[Available data Boundary: Start]

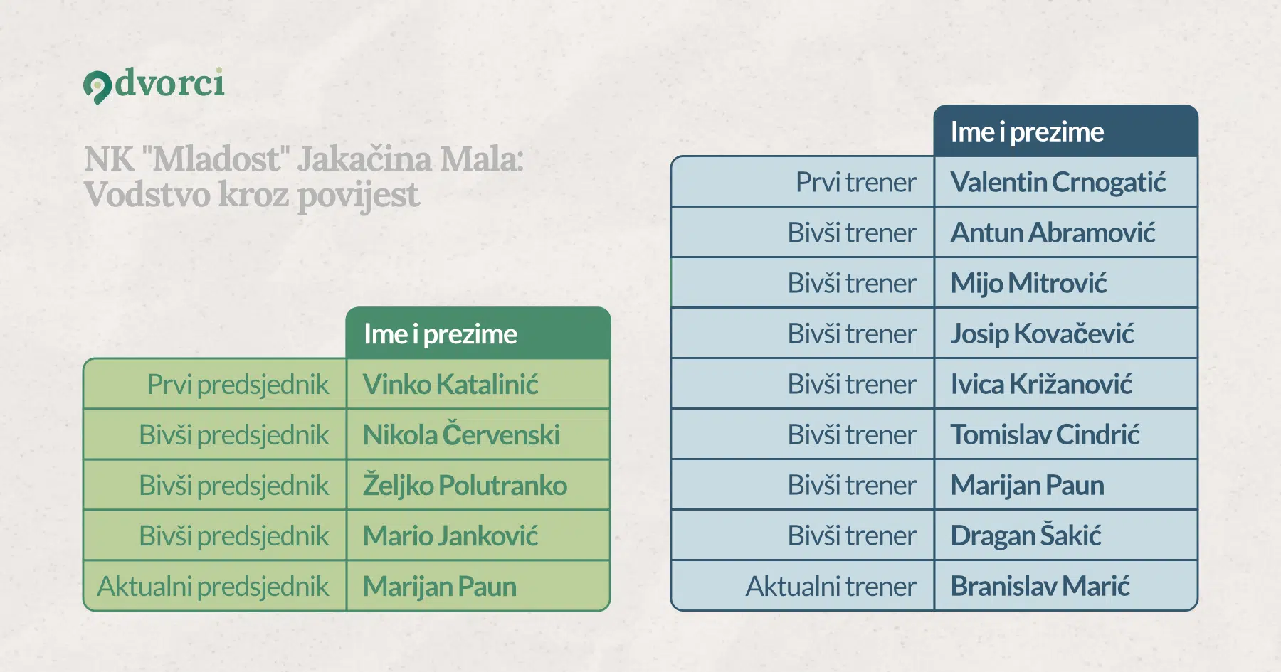 – “Mladost” iz Jakačine Male možda je jedini klub koji nema svoj stadion, a osvojio je ligu – ponosno je istaknuo predsjednik Paun. Dodaje da je misija kluba za iduću sezonu ostati natjecati se u 2. ŽNL, za što su se ove godine izborili.
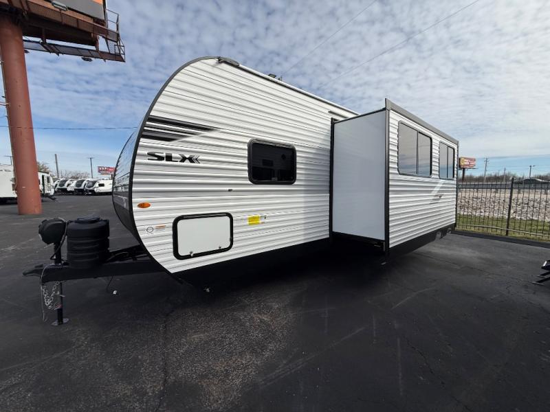 The Jayco Jay Flight SLX travel trailer is quite easy to own because it is lightweight for an easier towing experience. Built on a fully integrated A-frame with galvanized-steel, impact-resistant wheel wells, the Jay Flight SLX has quality at its very foundation. That quality continues on to the electric self-adjusting brakes, easy-lube hubs, Magnum Truss roof system, and LP quick connect. Some of what the mandatory Customer Value Package includes is backup camera prep, Keyed-Alike entry and baggage doors, and an on-demand tankless water heater.
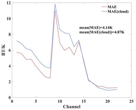 The quantitative analysis shown in Figure 5 revealed that the S-BT errors were significantly higher under cloudy conditions compared with clear conditions. The phenomenon was more evident in the first eight channels of the retrieval water vapor and the first five channels of the retrieval temperature. These channels were more sensitive to the water vapor information contained in the cloud. From a quantitative perspective, the average MAE was 4.14 K under clear conditions and 4.87 K under cloudy conditions. Additionally, the MAE showed a decreasing trend for the first eight channels of retrieval water vapor and the last four channels of retrieval temperature.
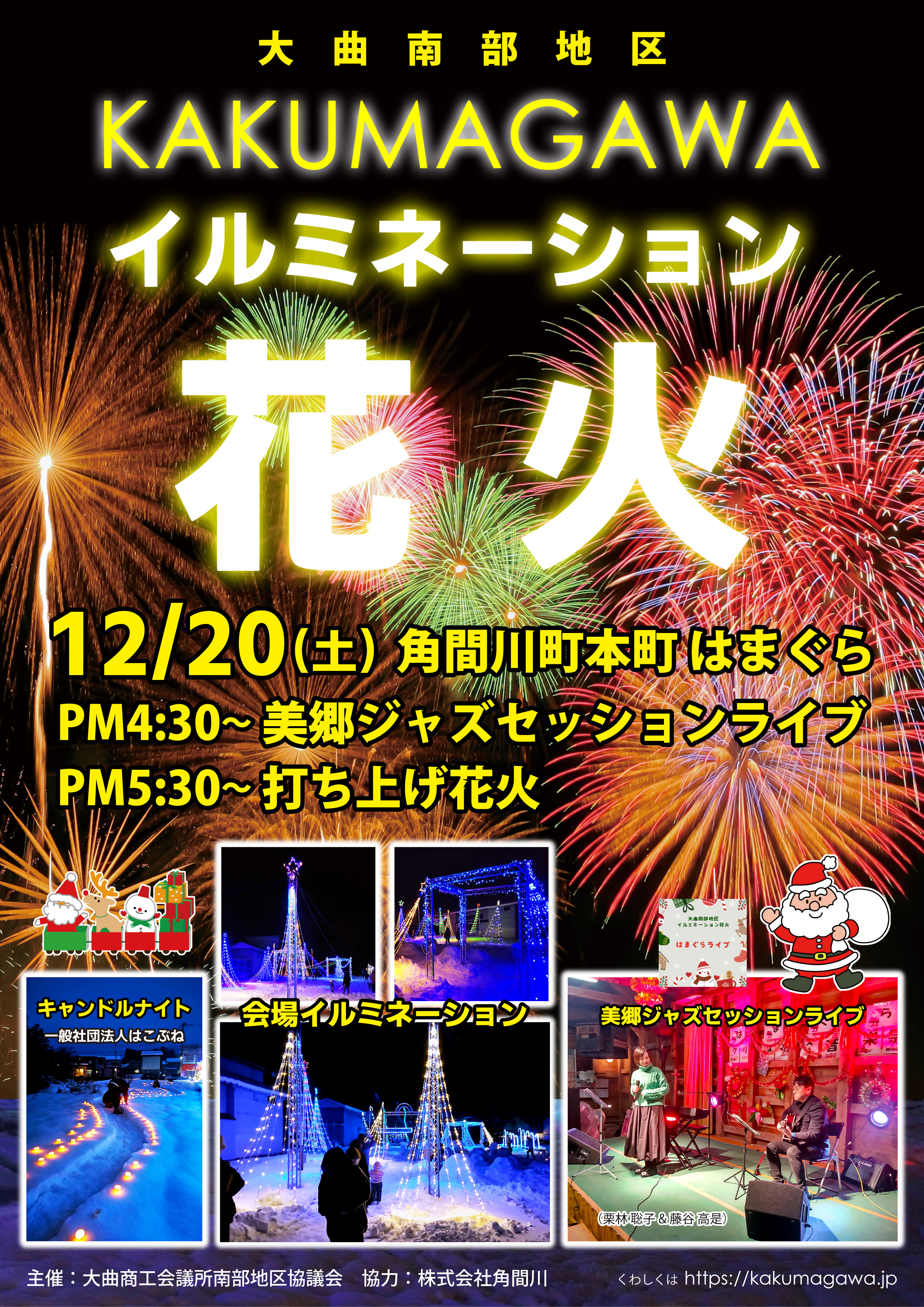 イルミネーションの輝く浜倉の会場のそばから約10分間の間、X'masサウンドと共に500発の花火が打ち上げられます!!
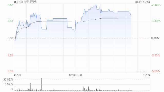 威勝控股(03393)午盤上漲4.14%,報3.52港元,成交額897.456萬港元。
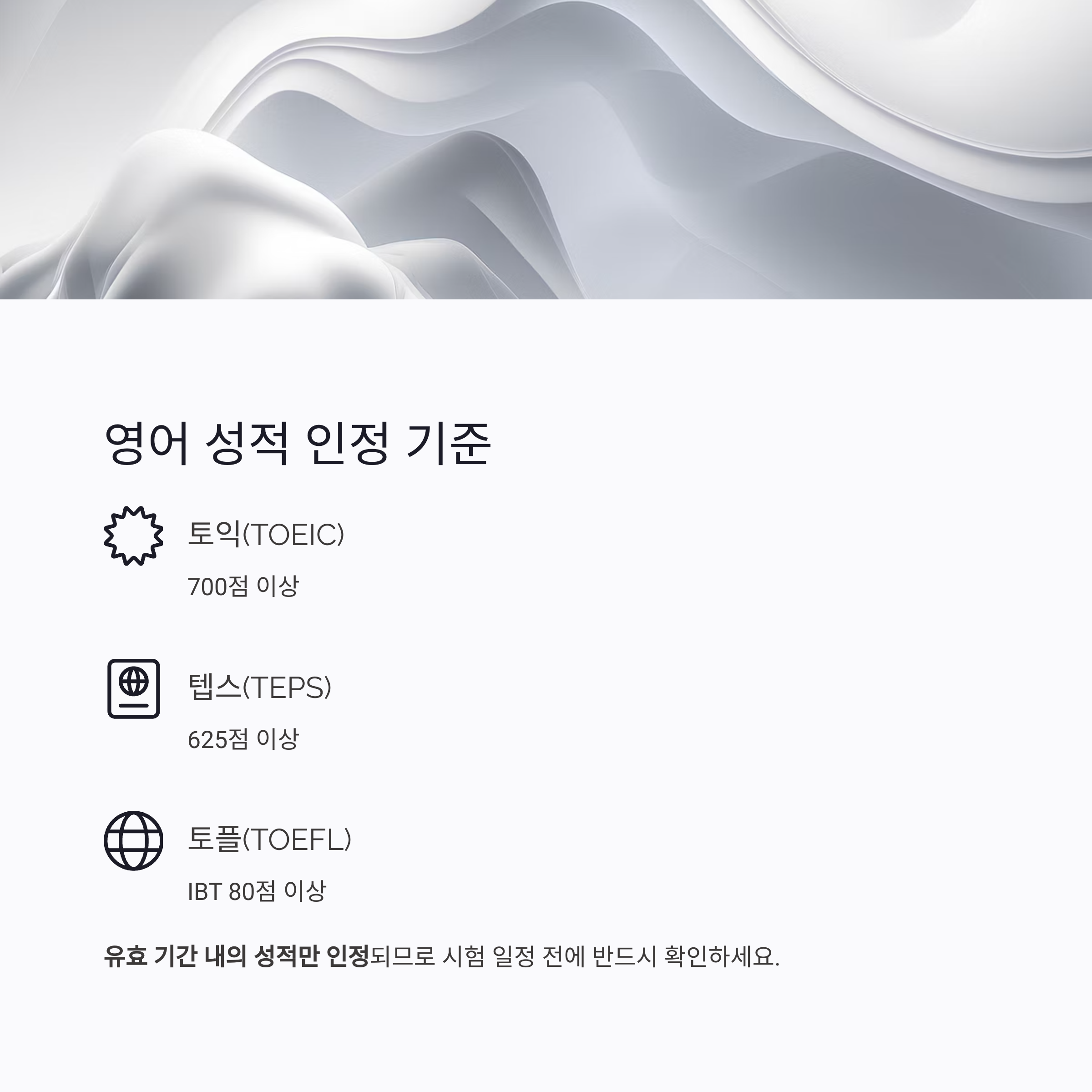 | 토익(TOEIC) | 700점 이상 |
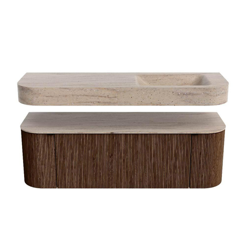 MONDIAZ THOR-DLUX 140cm meuble de salle de bains arrondi gauche + droite couleur Walnut avec 1 tiroir et 2 portes. Vasque suspendue CLOUD Droite 1 trou de robinet couleur Saba.
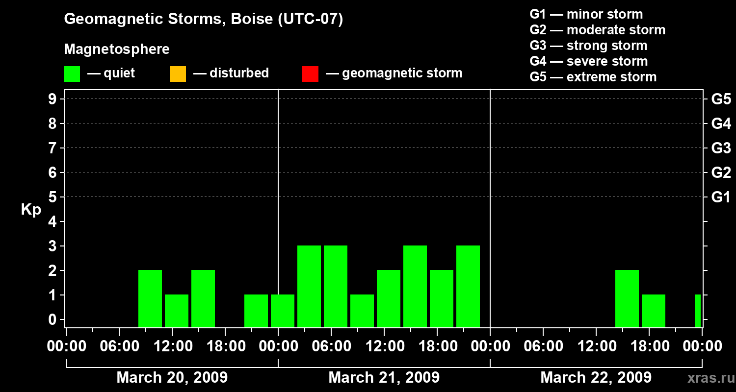 Changes in the geomagnetic index Kp from March 20 to 22, 2009 for mid latitudes
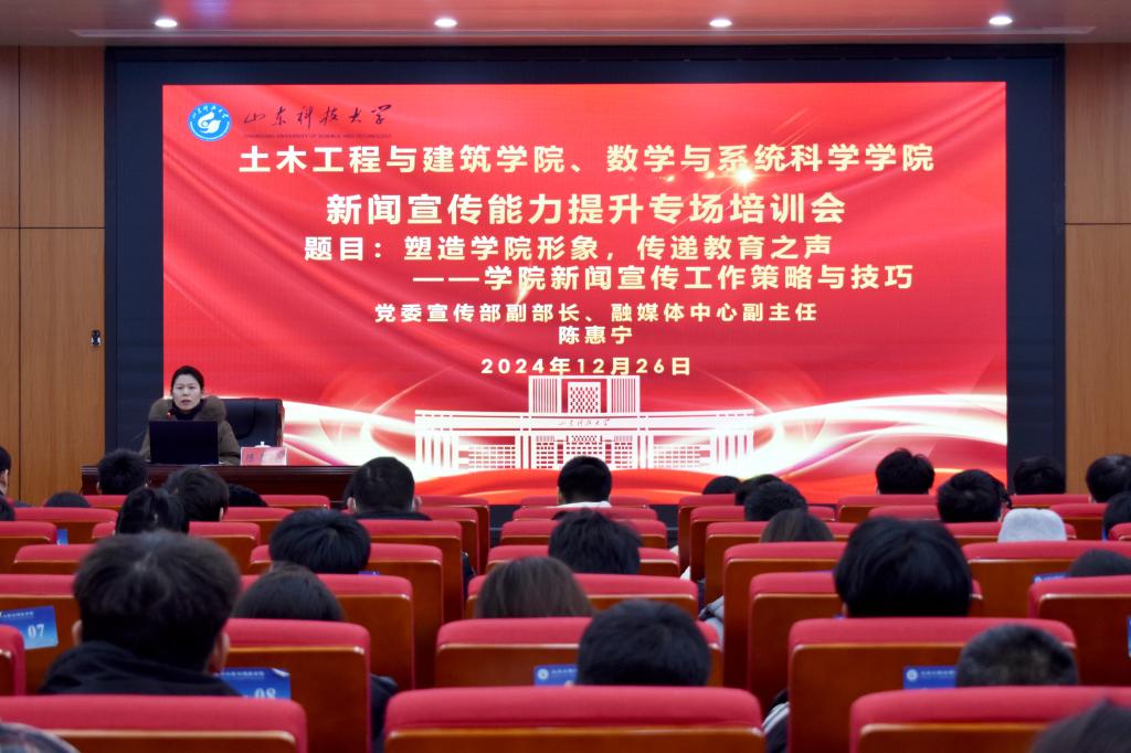 为进一步加强学院宣传队伍建设,提升新闻宣传工作水平,12月26日,土建学院与数学学院于J15-136报告厅联合举办了新闻宣传能力提升专场培训会,本次培训会邀请校党委宣传部副部长、融媒体中心副主任陈惠宁和《山东科大报》编辑、校党委宣传部韩洪烁老师分别作报告。学院新闻宣传中心成员及各班级宣传委员参加此次培训会,培训会由土建学院学生工作办公室主任、团委书记王贝贝主持。
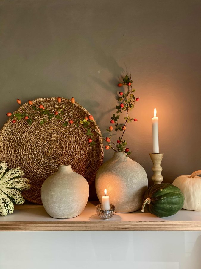 Herbstdeko, Regal, Vasen, Hagebutten, Kürbis
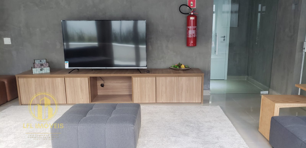 O imóvel dispõe de 1 dormitório e 1 banheiro, sala integrada com a cozinha americana equipada, área de serviço e varanda fechada. Completamente mobiliado, inclui ar condicionado, aquecedor a gás armários embutidos.

[Available data Boundary: End]

Reproduce, exactly and only, the lines of the records above starting at the line with "토익(TOEIC) | 700점 이상 |" and ending at the line with "Herbstdeko, Regal, Vasen, Hagebutten, Kürbis", both included. Leave every picture out.

### Expected answer
 | 토익(TOEIC) | 700점 이상 |
 MONDIAZ THOR-DLUX 140cm meuble de salle de bains arrondi gauche + droite couleur Walnut avec 1 tiroir et 2 portes. Vasque suspendue CLOUD Droite 1 trou de robinet couleur Saba.
 Changes in the geomagnetic index Kp from March 20 to 22, 2009 for mid latitudes
 为进一步加强学院宣传队伍建设,提升新闻宣传工作水平,12月26日,土建学院与数学学院于J15-136报告厅联合举办了新闻宣传能力提升专场培训会,本次培训会邀请校党委宣传部副部长、融媒体中心副主任陈惠宁和《山东科大报》编辑、校党委宣传部韩洪烁老师分别作报告。学院新闻宣传中心成员及各班级宣传委员参加此次培训会,培训会由土建学院学生工作办公室主任、团委书记王贝贝主持。
 Herbstdeko, Regal, Vasen, Hagebutten, Kürbis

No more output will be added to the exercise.